■ Exercise goal:
Would you return the data below exactly as it stands, with every picture left out?

[Data for this exercise Boundary: Start]

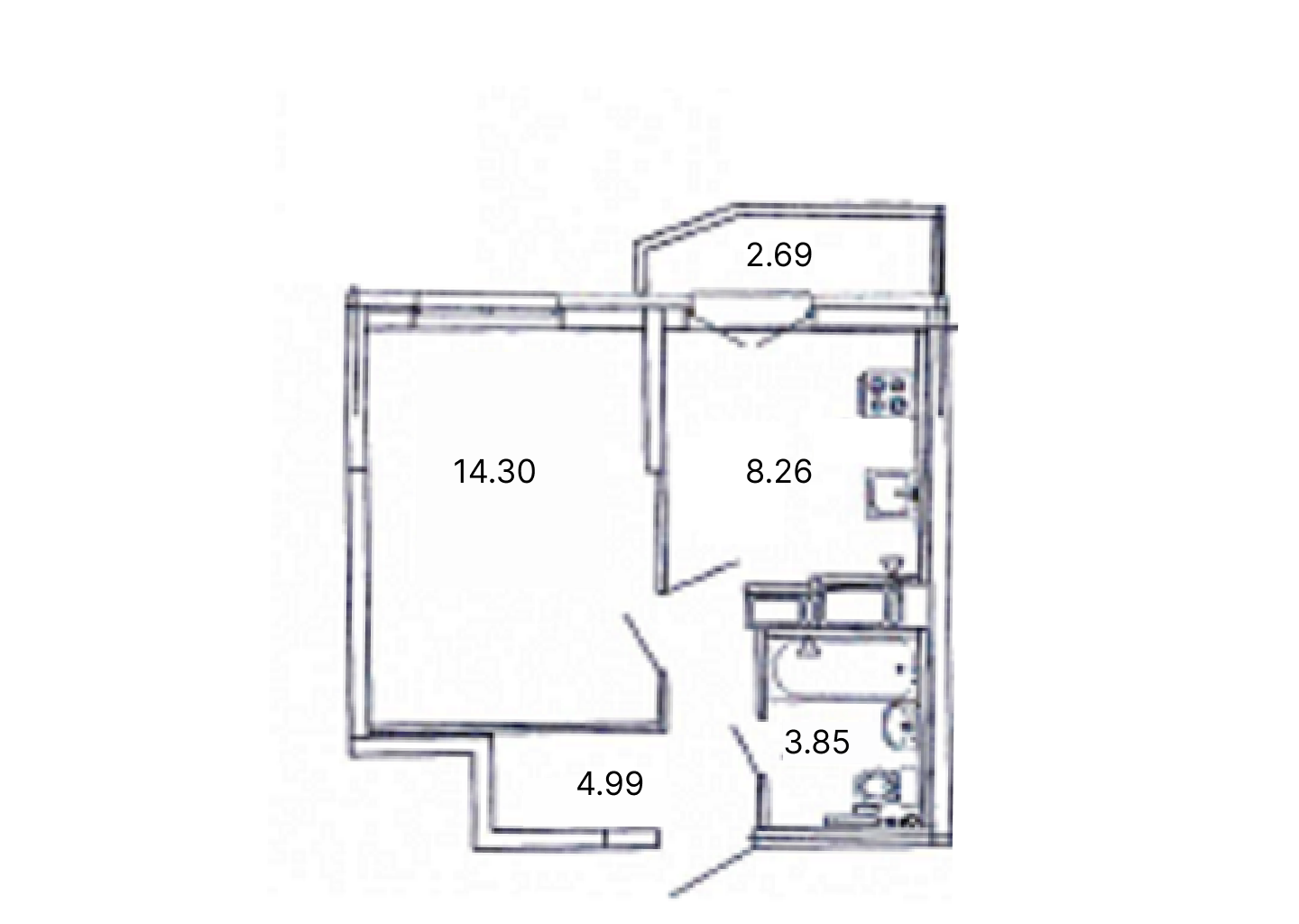 Кухня-столовая 8.3 кв.м. дополнена балконом 2.7 кв.м. с остеклением в пол, который может служить дополнительным пространством для хранения вещей или отдыха. Балкон оснащён двустворчатыми дверьми, что делает это место доступнее для прохода. В спальной комнате 14.3 кв.м. можно выделить зону для работы или учебы. Прихожая 5 кв.м. с местом под шкаф. Санузел совмещенный.
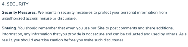 Finally, another "Security" section contains a vague promise of "security measures," and then honestly puts the onus of not posting anything confidential on the users.
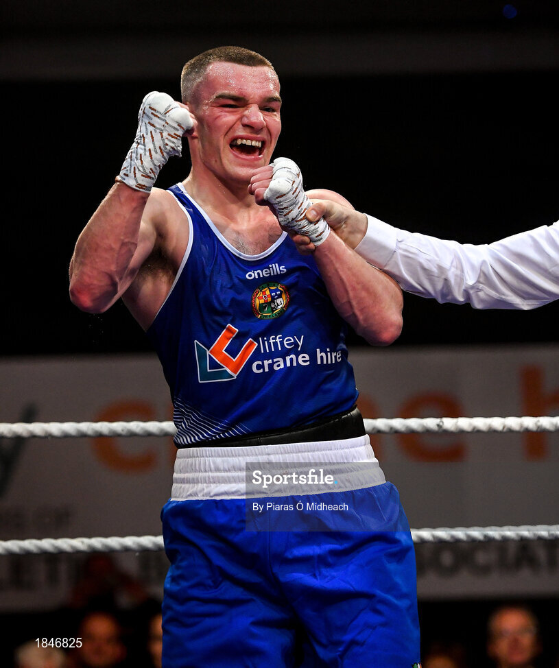 22 November 2019; Emmett Brennan of Docklands, Co Dublin, celebrates beating Thomas O’Toole of Celtic Eagles, Co Galway, in their 81kg bout during the IABA Irish National Elite Boxing Championships Finals at the National Stadium in Dublin. Photo by Piaras Ó Mídheach/Sportsfile
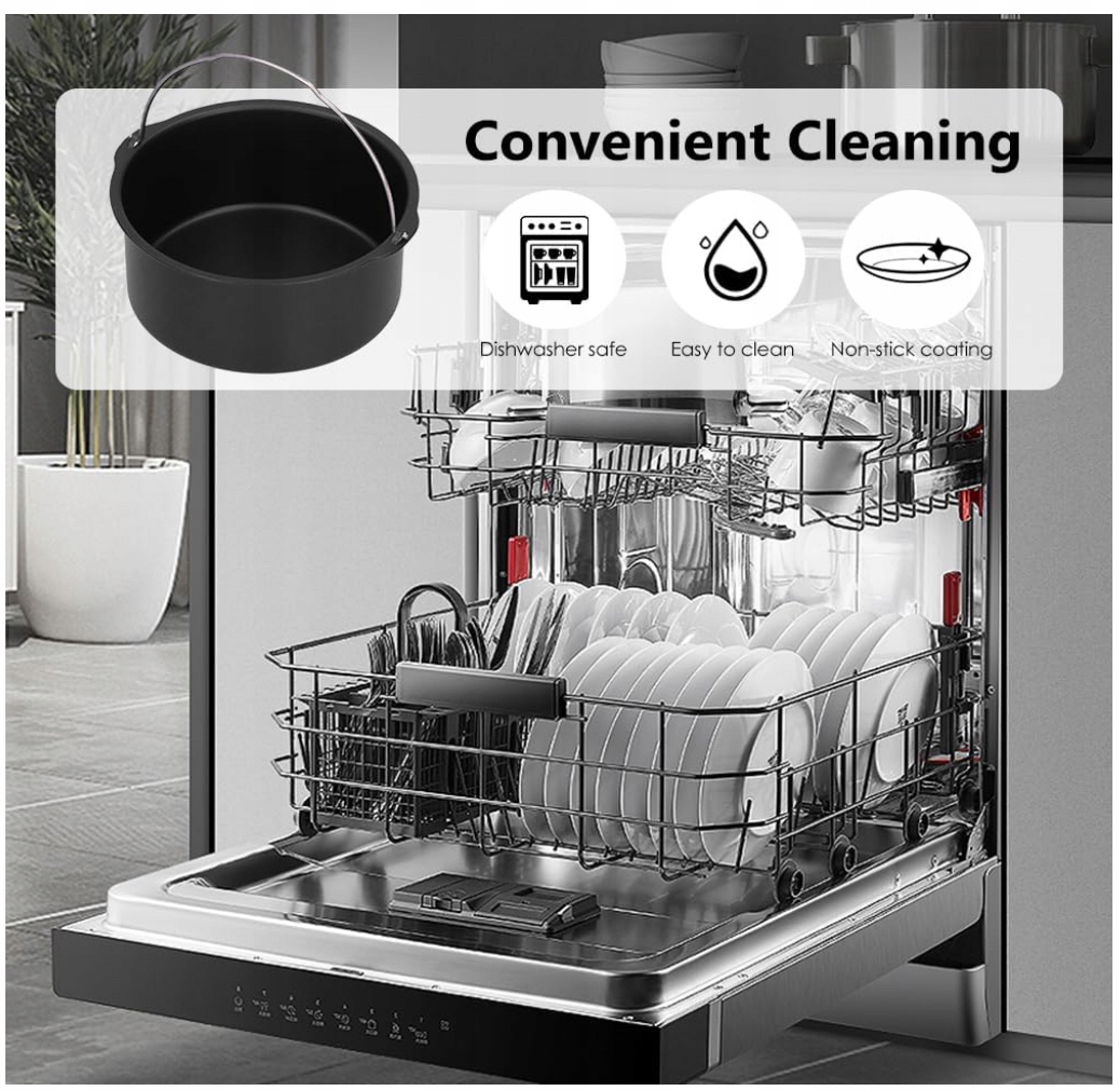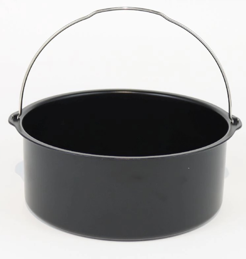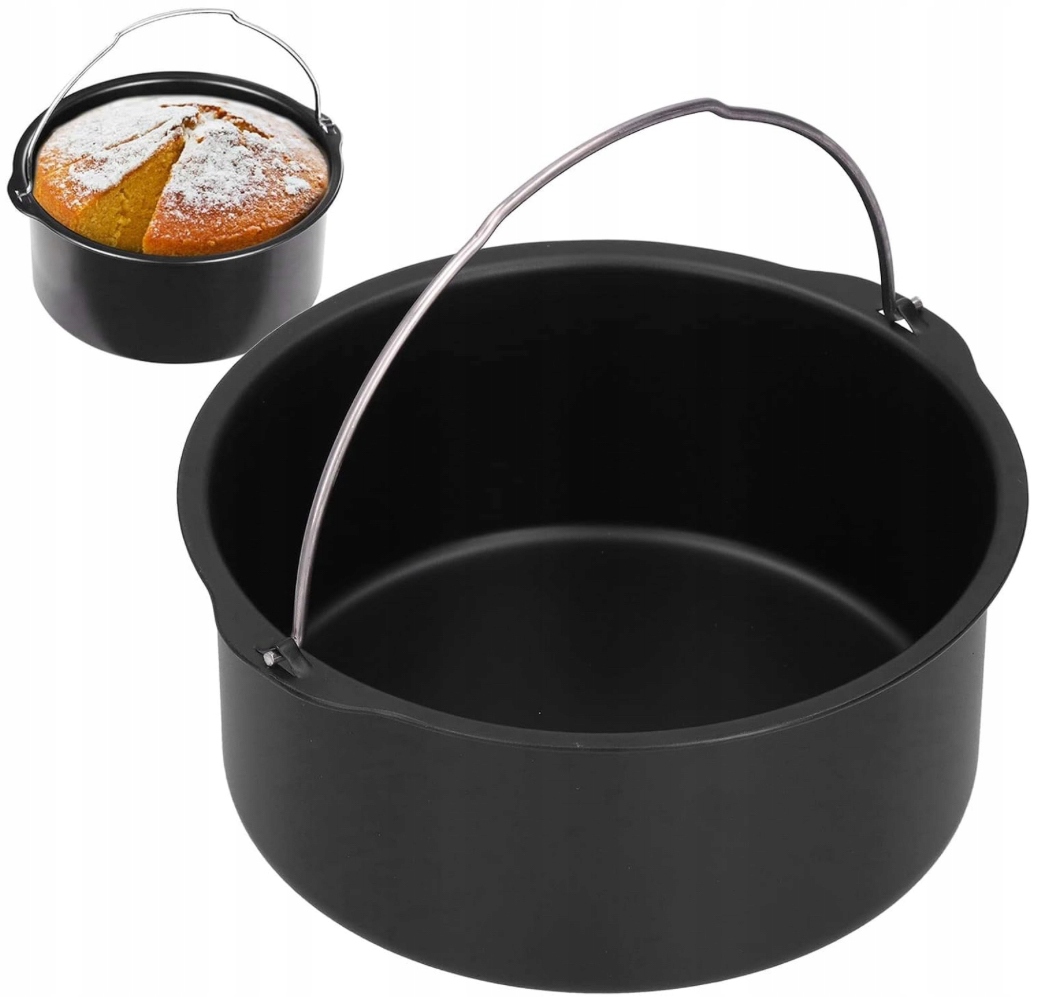 Стійка і практична форма з вуглецевої сталі з антипригарним покриттям і ручкою з нержавіючої сталі. Ідеально підходить для випікання тортів, хліба, м’яса, риби чи запіканок у фритюрниці або в духовці.
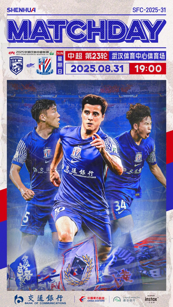 08月31日讯 北京时间19点,中超第23轮,武汉三镇主场迎战上海申花,赛前双方公布首发。
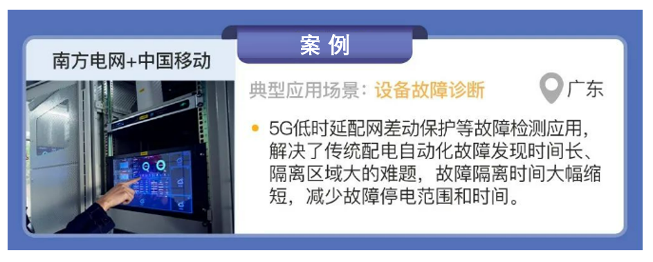 南方電網與中國移動合作,在廣東省廣州市開展了“5G+智能電網”項目建設,實現了設備故障診斷場景的應用。在配網差動保護應用中,利用電力專用5G用戶前置設備(CPE)進行高精度網絡授時,通過5G網絡低時延特性,采集配電網電流相量數據,傳輸至配電自動化主站,及時掌握線路情況,并進行在線監測和診斷,發現故障區段后,依靠配電自動化主站進行故障隔離和供電恢復,解決了傳統配電自動化故障發現時間長、故障隔離區域大的問題,將故障隔離時間大幅縮短,最大程度減少故障停電范圍和時間。

[Data for this exercise Boundary: End]

■ Exercise answer:
 Кухня-столовая 8.3 кв.м. дополнена балконом 2.7 кв.м. с остеклением в пол, который может служить дополнительным пространством для хранения вещей или отдыха. Балкон оснащён двустворчатыми дверьми, что делает это место доступнее для прохода. В спальной комнате 14.3 кв.м. можно выделить зону для работы или учебы. Прихожая 5 кв.м. с местом под шкаф. Санузел совмещенный.
 Finally, another "Security" section contains a vague promise of "security measures," and then honestly puts the onus of not posting anything confidential on the users.
 22 November 2019; Emmett Brennan of Docklands, Co Dublin, celebrates beating Thomas O’Toole of Celtic Eagles, Co Galway, in their 81kg bout during the IABA Irish National Elite Boxing Championships Finals at the National Stadium in Dublin. Photo by Piaras Ó Mídheach/Sportsfile
 Стійка і практична форма з вуглецевої сталі з антипригарним покриттям і ручкою з нержавіючої сталі. Ідеально підходить для випікання тортів, хліба, м’яса, риби чи запіканок у фритюрниці або в духовці.
 08月31日讯 北京时间19点,中超第23轮,武汉三镇主场迎战上海申花,赛前双方公布首发。
 南方電網與中國移動合作,在廣東省廣州市開展了“5G+智能電網”項目建設,實現了設備故障診斷場景的應用。在配網差動保護應用中,利用電力專用5G用戶前置設備(CPE)進行高精度網絡授時,通過5G網絡低時延特性,采集配電網電流相量數據,傳輸至配電自動化主站,及時掌握線路情況,并進行在線監測和診斷,發現故障區段后,依靠配電自動化主站進行故障隔離和供電恢復,解決了傳統配電自動化故障發現時間長、故障隔離區域大的問題,將故障隔離時間大幅縮短,最大程度減少故障停電范圍和時間。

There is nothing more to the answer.